*** Raw data ***

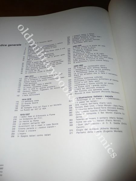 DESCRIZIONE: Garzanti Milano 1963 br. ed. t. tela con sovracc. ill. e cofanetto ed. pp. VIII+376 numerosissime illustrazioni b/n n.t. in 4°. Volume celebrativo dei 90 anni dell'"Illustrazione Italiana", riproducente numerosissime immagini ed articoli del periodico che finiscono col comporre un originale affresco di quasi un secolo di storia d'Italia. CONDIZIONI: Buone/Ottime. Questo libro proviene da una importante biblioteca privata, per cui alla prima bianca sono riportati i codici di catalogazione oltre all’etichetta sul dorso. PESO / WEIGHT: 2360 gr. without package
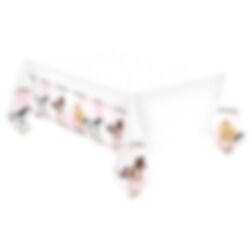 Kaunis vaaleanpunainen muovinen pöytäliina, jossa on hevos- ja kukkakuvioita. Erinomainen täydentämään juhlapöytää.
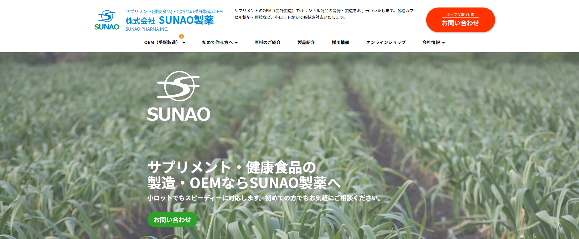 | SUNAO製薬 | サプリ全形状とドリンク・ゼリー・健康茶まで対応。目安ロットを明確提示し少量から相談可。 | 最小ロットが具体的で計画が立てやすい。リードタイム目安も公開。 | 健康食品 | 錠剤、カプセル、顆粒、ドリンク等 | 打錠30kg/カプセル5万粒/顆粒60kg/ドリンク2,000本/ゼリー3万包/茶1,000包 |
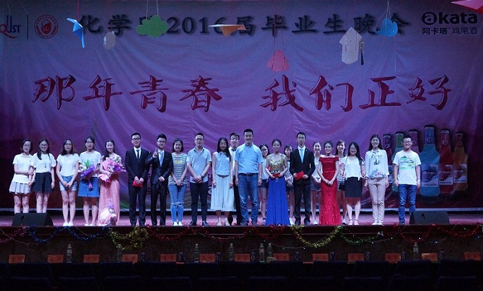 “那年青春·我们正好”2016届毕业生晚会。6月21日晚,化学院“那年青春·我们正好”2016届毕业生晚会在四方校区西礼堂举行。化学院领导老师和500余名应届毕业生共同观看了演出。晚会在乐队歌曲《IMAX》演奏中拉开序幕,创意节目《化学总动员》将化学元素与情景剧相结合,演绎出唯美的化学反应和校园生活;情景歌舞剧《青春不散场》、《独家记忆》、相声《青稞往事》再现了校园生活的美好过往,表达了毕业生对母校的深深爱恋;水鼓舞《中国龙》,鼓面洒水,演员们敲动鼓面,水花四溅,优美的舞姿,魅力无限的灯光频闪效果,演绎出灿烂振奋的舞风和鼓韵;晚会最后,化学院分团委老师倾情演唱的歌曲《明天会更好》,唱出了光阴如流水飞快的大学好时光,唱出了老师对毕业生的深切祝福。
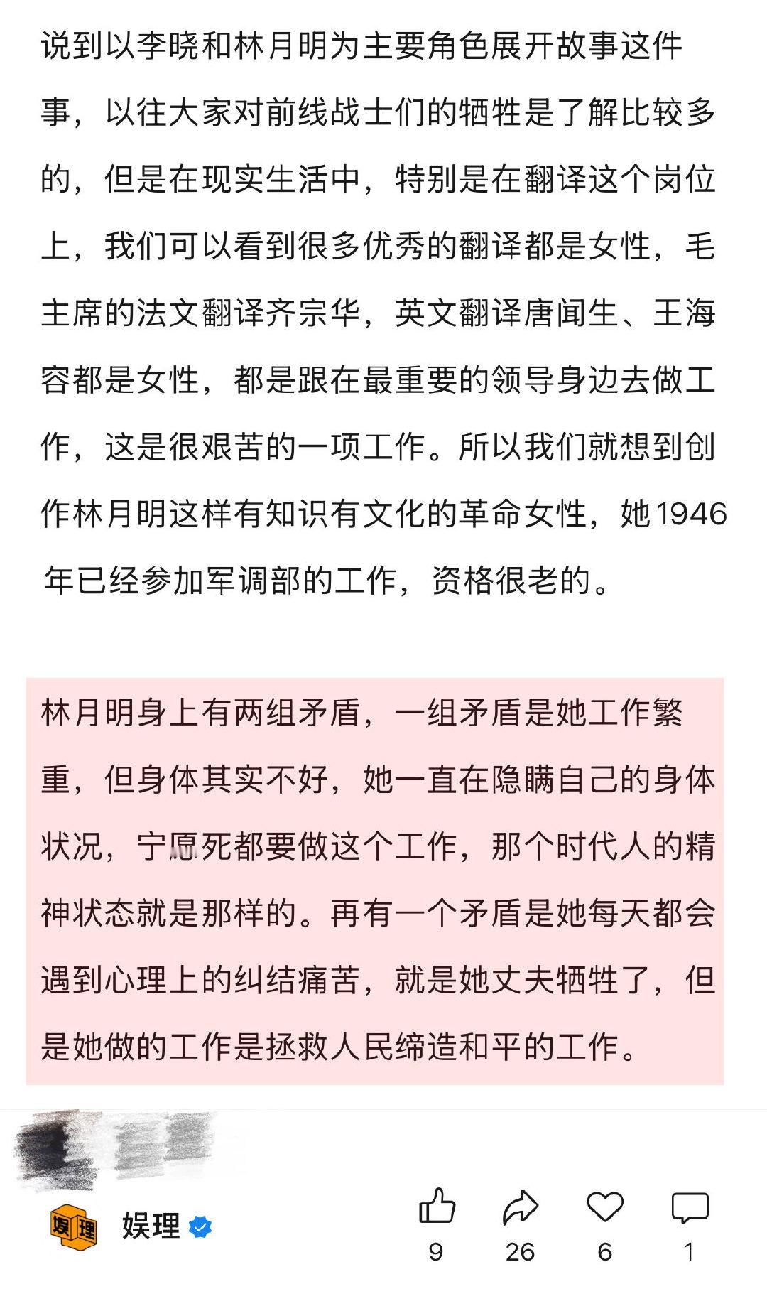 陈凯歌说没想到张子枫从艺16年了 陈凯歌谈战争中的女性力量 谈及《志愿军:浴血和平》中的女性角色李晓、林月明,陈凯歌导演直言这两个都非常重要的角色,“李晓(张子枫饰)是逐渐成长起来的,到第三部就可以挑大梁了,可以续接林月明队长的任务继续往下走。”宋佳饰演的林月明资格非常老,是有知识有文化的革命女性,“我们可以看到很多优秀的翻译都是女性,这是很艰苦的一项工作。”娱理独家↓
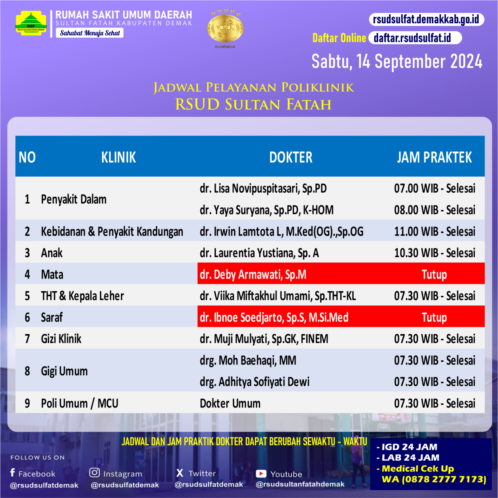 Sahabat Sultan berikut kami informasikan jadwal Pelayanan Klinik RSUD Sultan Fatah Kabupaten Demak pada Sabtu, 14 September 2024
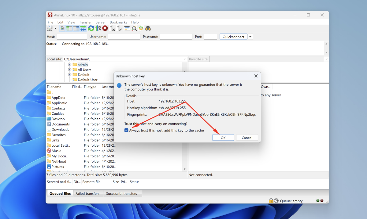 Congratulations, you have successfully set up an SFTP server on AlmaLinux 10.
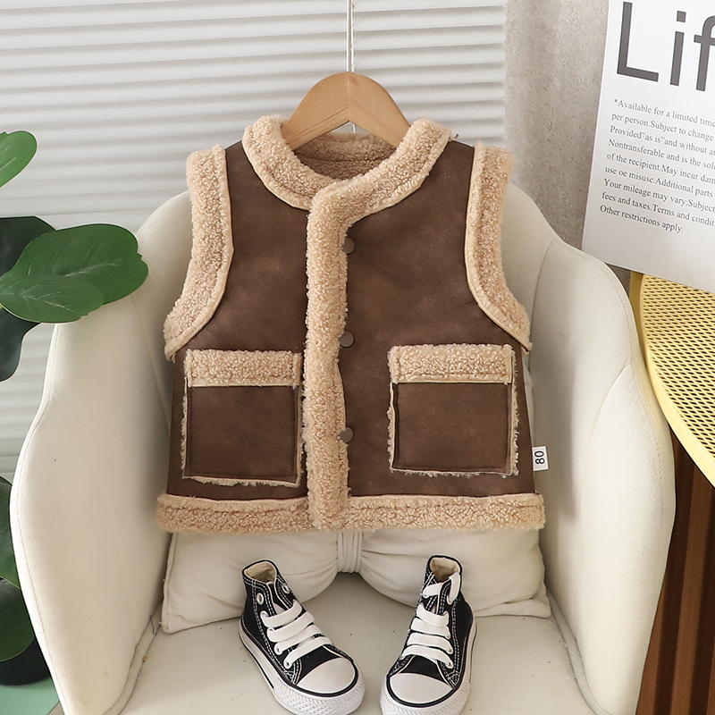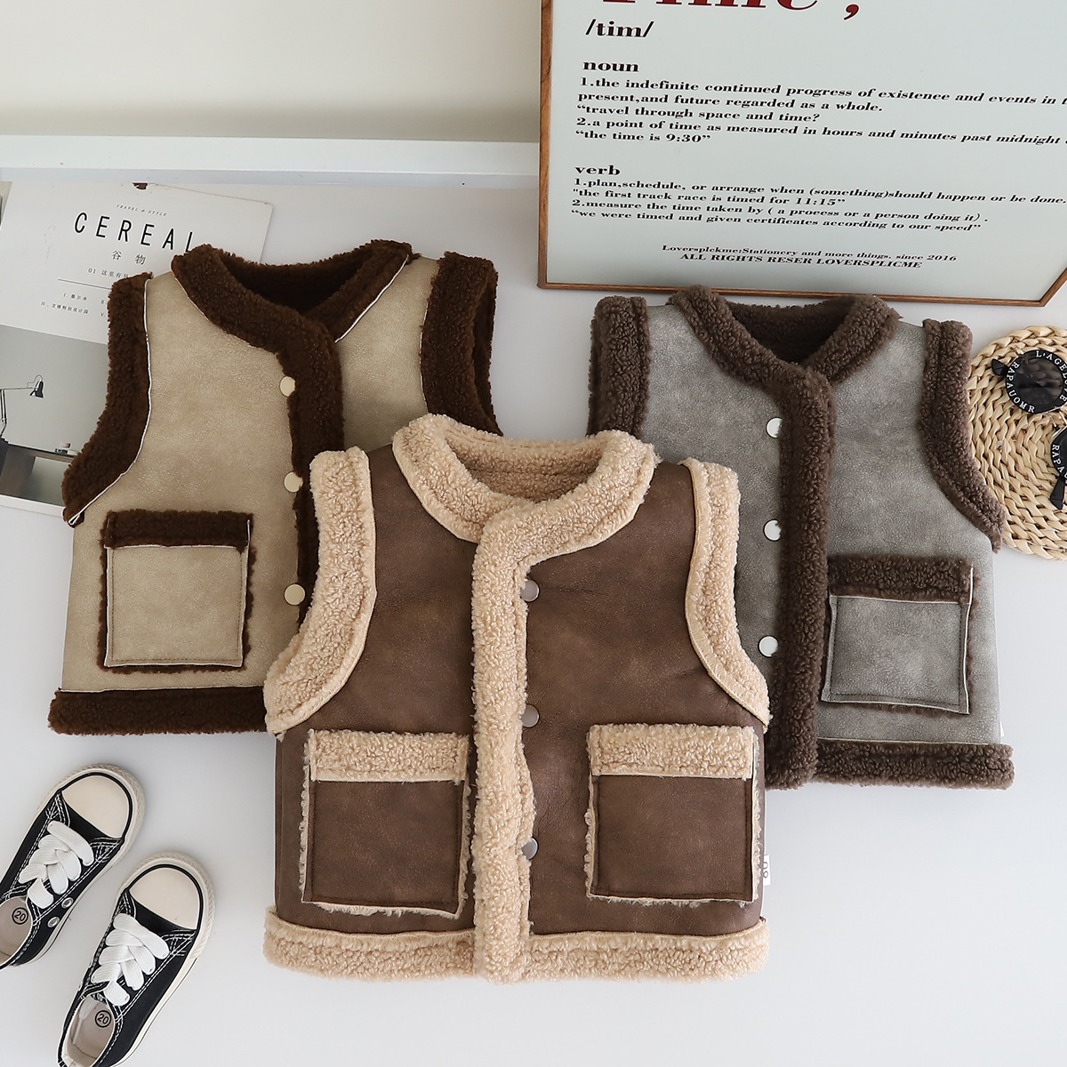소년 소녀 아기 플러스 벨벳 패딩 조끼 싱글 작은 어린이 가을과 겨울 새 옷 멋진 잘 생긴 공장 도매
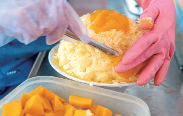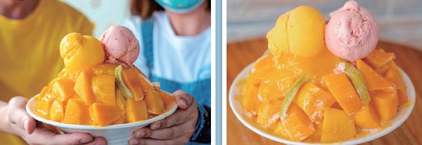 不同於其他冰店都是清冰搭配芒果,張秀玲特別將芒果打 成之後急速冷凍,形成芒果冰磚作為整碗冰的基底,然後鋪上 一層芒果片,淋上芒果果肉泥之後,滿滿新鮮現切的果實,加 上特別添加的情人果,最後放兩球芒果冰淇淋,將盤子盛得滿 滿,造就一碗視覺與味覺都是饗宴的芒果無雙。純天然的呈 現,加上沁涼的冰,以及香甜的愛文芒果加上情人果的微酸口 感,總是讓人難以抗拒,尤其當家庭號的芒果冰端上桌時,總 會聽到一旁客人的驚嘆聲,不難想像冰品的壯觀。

*** End of Raw data ***

» **Exercise directions**
Repeat each line above exactly as it reads, omitting any pictures.

» **Response to this task**
 DESCRIZIONE: Garzanti Milano 1963 br. ed. t. tela con sovracc. ill. e cofanetto ed. pp. VIII+376 numerosissime illustrazioni b/n n.t. in 4°. Volume celebrativo dei 90 anni dell'"Illustrazione Italiana", riproducente numerosissime immagini ed articoli del periodico che finiscono col comporre un originale affresco di quasi un secolo di storia d'Italia. CONDIZIONI: Buone/Ottime. Questo libro proviene da una importante biblioteca privata, per cui alla prima bianca sono riportati i codici di catalogazione oltre all’etichetta sul dorso. PESO / WEIGHT: 2360 gr. without package
 Kaunis vaaleanpunainen muovinen pöytäliina, jossa on hevos- ja kukkakuvioita. Erinomainen täydentämään juhlapöytää.
 | SUNAO製薬 | サプリ全形状とドリンク・ゼリー・健康茶まで対応。目安ロットを明確提示し少量から相談可。 | 最小ロットが具体的で計画が立てやすい。リードタイム目安も公開。 | 健康食品 | 錠剤、カプセル、顆粒、ドリンク等 | 打錠30kg/カプセル5万粒/顆粒60kg/ドリンク2,000本/ゼリー3万包/茶1,000包 |
 “那年青春·我们正好”2016届毕业生晚会。6月21日晚,化学院“那年青春·我们正好”2016届毕业生晚会在四方校区西礼堂举行。化学院领导老师和500余名应届毕业生共同观看了演出。晚会在乐队歌曲《IMAX》演奏中拉开序幕,创意节目《化学总动员》将化学元素与情景剧相结合,演绎出唯美的化学反应和校园生活;情景歌舞剧《青春不散场》、《独家记忆》、相声《青稞往事》再现了校园生活的美好过往,表达了毕业生对母校的深深爱恋;水鼓舞《中国龙》,鼓面洒水,演员们敲动鼓面,水花四溅,优美的舞姿,魅力无限的灯光频闪效果,演绎出灿烂振奋的舞风和鼓韵;晚会最后,化学院分团委老师倾情演唱的歌曲《明天会更好》,唱出了光阴如流水飞快的大学好时光,唱出了老师对毕业生的深切祝福。
 陈凯歌说没想到张子枫从艺16年了 陈凯歌谈战争中的女性力量 谈及《志愿军:浴血和平》中的女性角色李晓、林月明,陈凯歌导演直言这两个都非常重要的角色,“李晓(张子枫饰)是逐渐成长起来的,到第三部就可以挑大梁了,可以续接林月明队长的任务继续往下走。”宋佳饰演的林月明资格非常老,是有知识有文化的革命女性,“我们可以看到很多优秀的翻译都是女性,这是很艰苦的一项工作。”娱理独家↓
 Sahabat Sultan berikut kami informasikan jadwal Pelayanan Klinik RSUD Sultan Fatah Kabupaten Demak pada Sabtu, 14 September 2024
 Congratulations, you have successfully set up an SFTP server on AlmaLinux 10.
소년 소녀 아기 플러스 벨벳 패딩 조끼 싱글 작은 어린이 가을과 겨울 새 옷 멋진 잘 생긴 공장 도매
 不同於其他冰店都是清冰搭配芒果,張秀玲特別將芒果打 成之後急速冷凍,形成芒果冰磚作為整碗冰的基底,然後鋪上 一層芒果片,淋上芒果果肉泥之後,滿滿新鮮現切的果實,加 上特別添加的情人果,最後放兩球芒果冰淇淋,將盤子盛得滿 滿,造就一碗視覺與味覺都是饗宴的芒果無雙。純天然的呈 現,加上沁涼的冰,以及香甜的愛文芒果加上情人果的微酸口 感,總是讓人難以抗拒,尤其當家庭號的芒果冰端上桌時,總 會聽到一旁客人的驚嘆聲,不難想像冰品的壯觀。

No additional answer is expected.